WHAT YOU HAVE TO DO: Your task is to copy the lines of the data below from the line holding "목표 피드백과 관련된 알림은 총 2가지 유형으로 발송됩니다." through the line holding "3.在设置窗口中向下滚动菜单", inclusive, exactly and with nothing added.

(RECORDS FOR THIS EXERCISE)

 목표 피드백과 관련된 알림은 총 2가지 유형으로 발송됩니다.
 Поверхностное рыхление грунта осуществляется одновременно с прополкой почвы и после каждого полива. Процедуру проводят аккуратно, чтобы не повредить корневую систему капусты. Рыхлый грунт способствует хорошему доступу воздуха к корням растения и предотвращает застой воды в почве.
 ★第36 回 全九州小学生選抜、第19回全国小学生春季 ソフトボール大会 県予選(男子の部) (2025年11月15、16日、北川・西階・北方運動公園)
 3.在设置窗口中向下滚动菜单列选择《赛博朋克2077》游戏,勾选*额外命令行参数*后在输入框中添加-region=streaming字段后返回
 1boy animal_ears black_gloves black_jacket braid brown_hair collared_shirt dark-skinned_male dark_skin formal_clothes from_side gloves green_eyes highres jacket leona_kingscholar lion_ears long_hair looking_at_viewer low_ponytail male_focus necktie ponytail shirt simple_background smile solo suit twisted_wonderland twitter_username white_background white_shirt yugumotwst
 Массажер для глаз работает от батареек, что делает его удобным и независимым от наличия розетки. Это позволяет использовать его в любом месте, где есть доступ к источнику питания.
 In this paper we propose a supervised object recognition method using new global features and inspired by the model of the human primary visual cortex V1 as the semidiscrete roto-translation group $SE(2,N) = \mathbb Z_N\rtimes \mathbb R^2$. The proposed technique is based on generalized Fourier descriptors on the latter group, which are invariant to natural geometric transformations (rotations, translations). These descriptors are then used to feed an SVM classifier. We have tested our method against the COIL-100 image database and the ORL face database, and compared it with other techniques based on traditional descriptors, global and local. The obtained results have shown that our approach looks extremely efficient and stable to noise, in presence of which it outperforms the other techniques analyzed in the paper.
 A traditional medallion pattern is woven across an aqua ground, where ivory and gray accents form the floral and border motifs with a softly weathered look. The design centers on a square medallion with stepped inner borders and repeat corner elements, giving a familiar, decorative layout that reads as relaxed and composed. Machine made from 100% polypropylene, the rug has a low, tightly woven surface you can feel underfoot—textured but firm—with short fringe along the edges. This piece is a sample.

(End RECORDS FOR THIS EXERCISE)
(RECORDS FOR THIS EXERCISE)

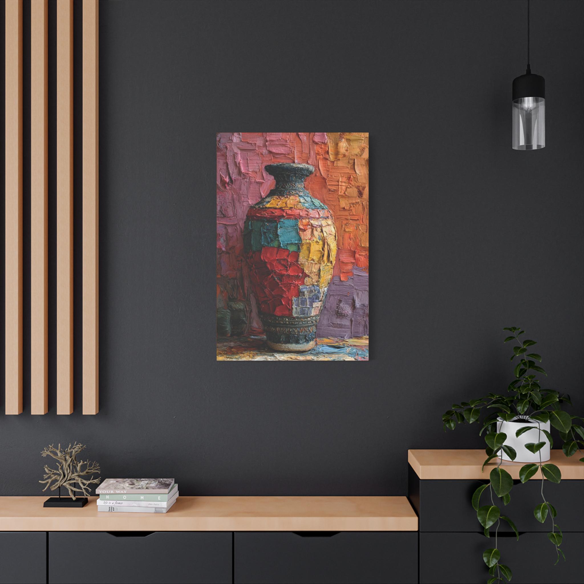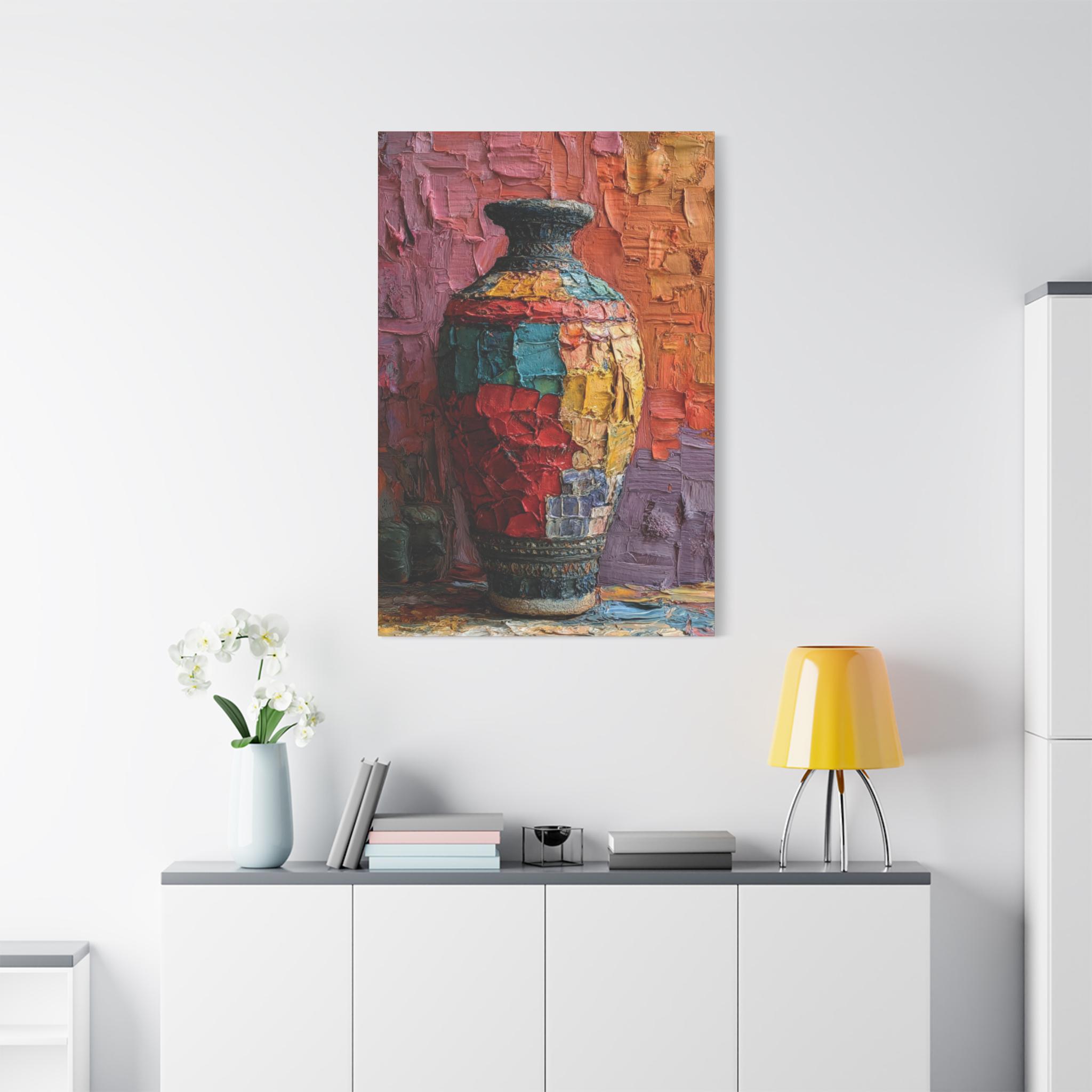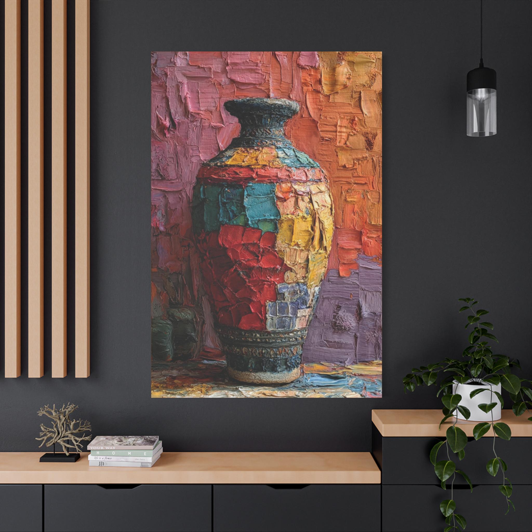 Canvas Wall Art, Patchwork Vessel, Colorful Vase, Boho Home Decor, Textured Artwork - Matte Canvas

(End RECORDS FOR THIS EXERCISE)

RESPONSE AREA:
 목표 피드백과 관련된 알림은 총 2가지 유형으로 발송됩니다.
 Поверхностное рыхление грунта осуществляется одновременно с прополкой почвы и после каждого полива. Процедуру проводят аккуратно, чтобы не повредить корневую систему капусты. Рыхлый грунт способствует хорошему доступу воздуха к корням растения и предотвращает застой воды в почве.
 ★第36 回 全九州小学生選抜、第19回全国小学生春季 ソフトボール大会 県予選(男子の部) (2025年11月15、16日、北川・西階・北方運動公園)
 3.在设置窗口中向下滚动菜单列选择《赛博朋克2077》游戏,勾选*额外命令行参数*后在输入框中添加-region=streaming字段后返回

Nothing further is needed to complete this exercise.